** PROBLEM DETAILS **
Give the listing again exactly, skipping any pictures it holds.

[THE DATA — start]

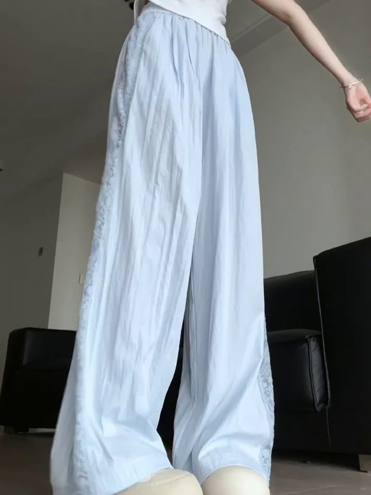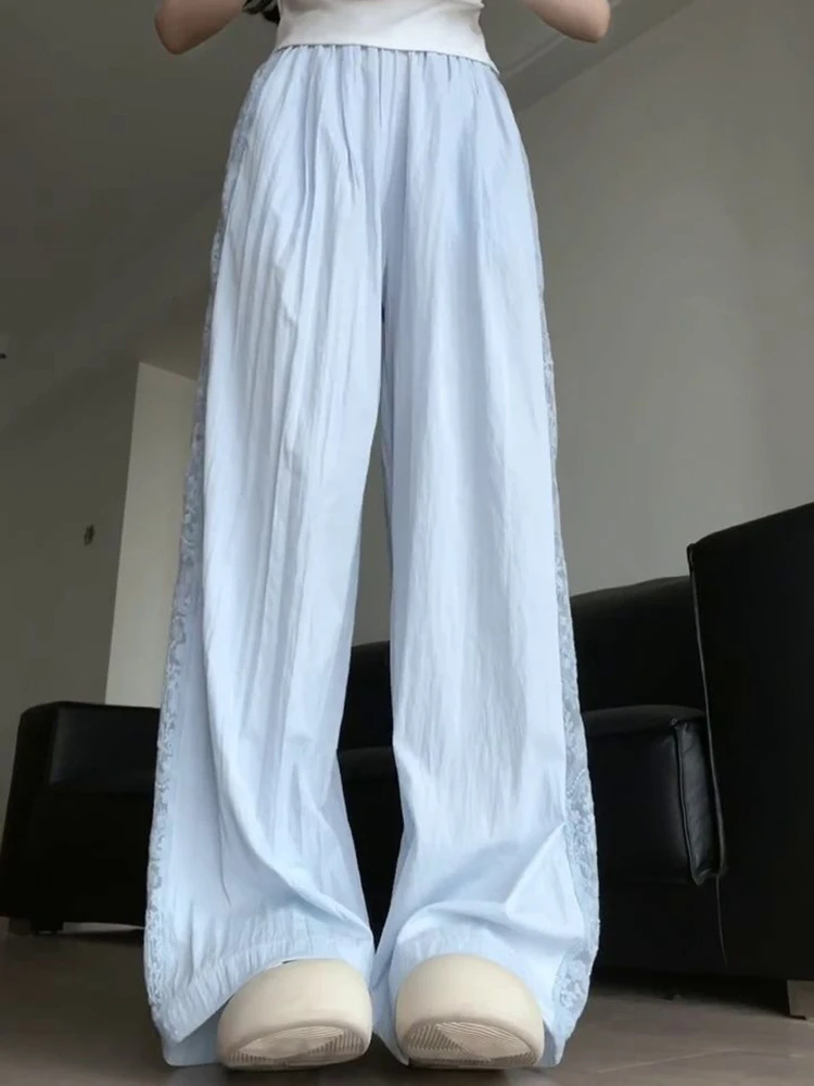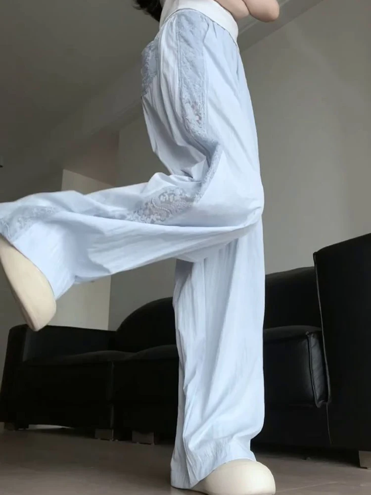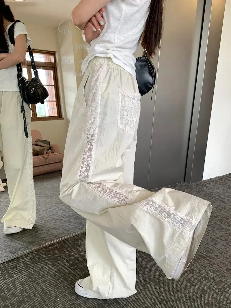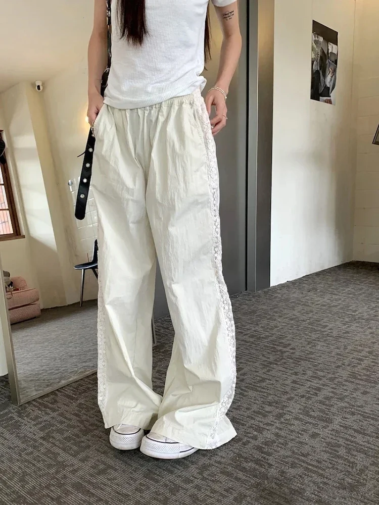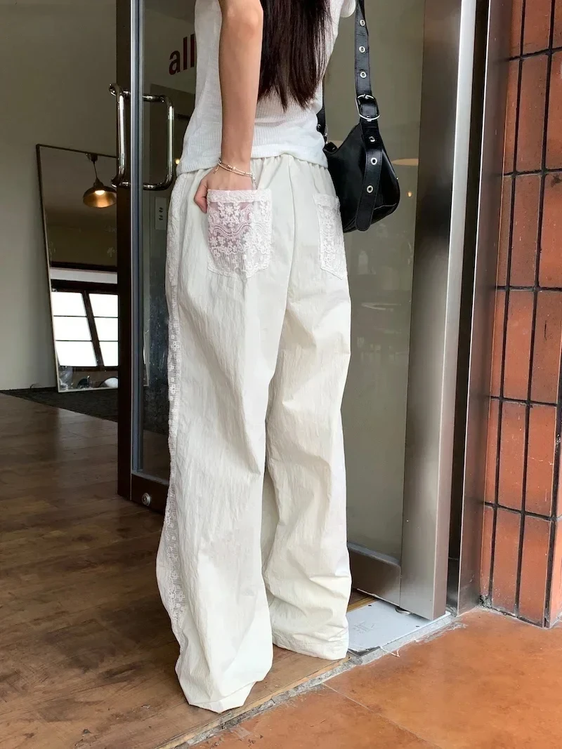 Sweet Lace Patchwork White Pants Y2K High Waist Preppy Thin Wide Leg Pants Korean Chic Loose Jogging Quick Drying Trousers New
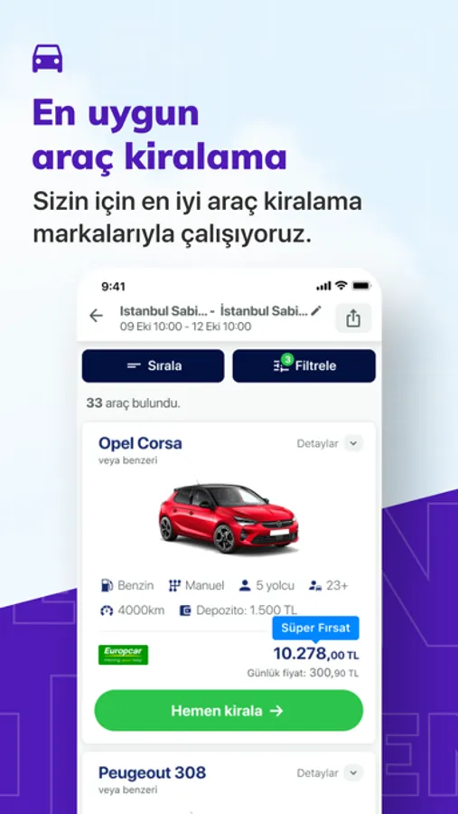 You can use ENUYGUN for car rental services to complete your transaction without being directed to different websites. You can compare offers from more than 70 car rental companies such as Green Motion, Garenta, Sixt, Europcar, and Rentgo, while easily selecting rental car that suits your budget by filtering according to your preferences.
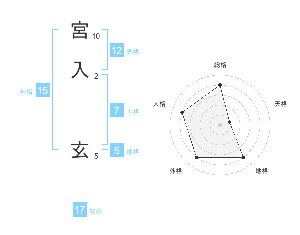 宮入 玄さんの総格は17画の4点!
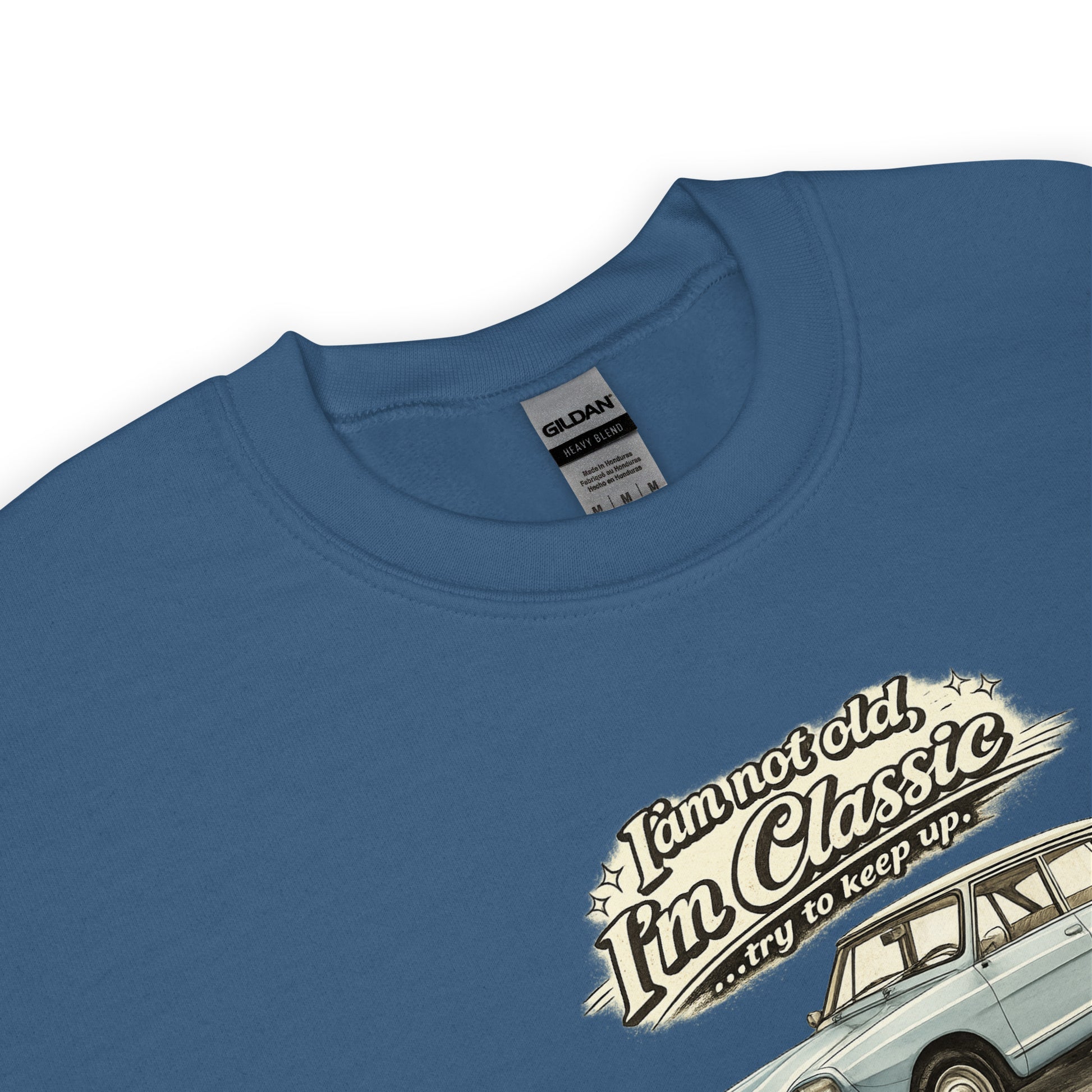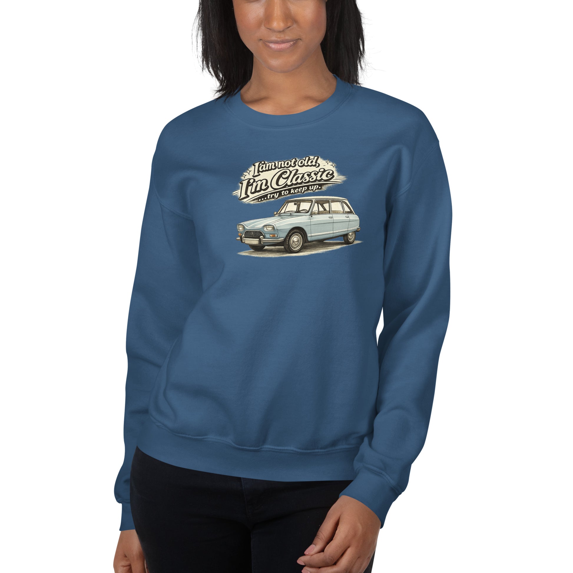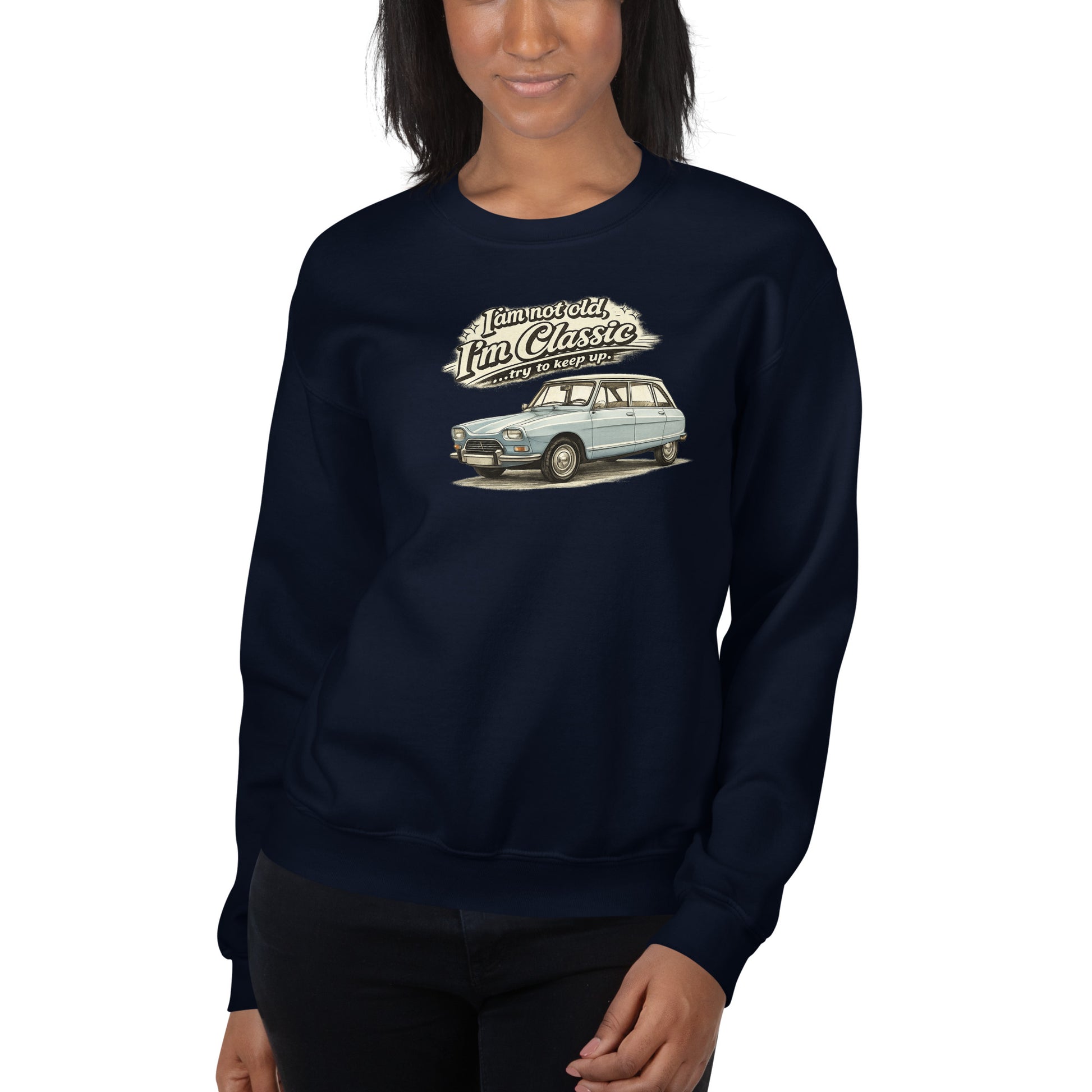 Centraal op het sweatshirt staat een zorgvuldig uitgewerkte vintage tekening van de Citroën Ami 8 in een stijlvolle lichtblauwe uitvoering. De illustratie benadrukt de unieke lijnen en het herkenbare ontwerp van deze klassieke Franse wagen. Boven de auto staat de speelse tekst “I’m not old, I’m Classic… try to keep up.” wat het ontwerp een nostalgische en humoristische uitstraling geeft. De tekening vormt het echte middelpunt van dit sweatshirt en maakt het een perfecte keuze voor liefhebbers van klassieke auto's, vintage design en Franse autoklassiekers.

[THE DATA — finish]

** ANSWER FOR THE TASK **
 Sweet Lace Patchwork White Pants Y2K High Waist Preppy Thin Wide Leg Pants Korean Chic Loose Jogging Quick Drying Trousers New
 You can use ENUYGUN for car rental services to complete your transaction without being directed to different websites. You can compare offers from more than 70 car rental companies such as Green Motion, Garenta, Sixt, Europcar, and Rentgo, while easily selecting rental car that suits your budget by filtering according to your preferences.
 宮入 玄さんの総格は17画の4点!
 Centraal op het sweatshirt staat een zorgvuldig uitgewerkte vintage tekening van de Citroën Ami 8 in een stijlvolle lichtblauwe uitvoering. De illustratie benadrukt de unieke lijnen en het herkenbare ontwerp van deze klassieke Franse wagen. Boven de auto staat de speelse tekst “I’m not old, I’m Classic… try to keep up.” wat het ontwerp een nostalgische en humoristische uitstraling geeft. De tekening vormt het echte middelpunt van dit sweatshirt en maakt het een perfecte keuze voor liefhebbers van klassieke auto's, vintage design en Franse autoklassiekers.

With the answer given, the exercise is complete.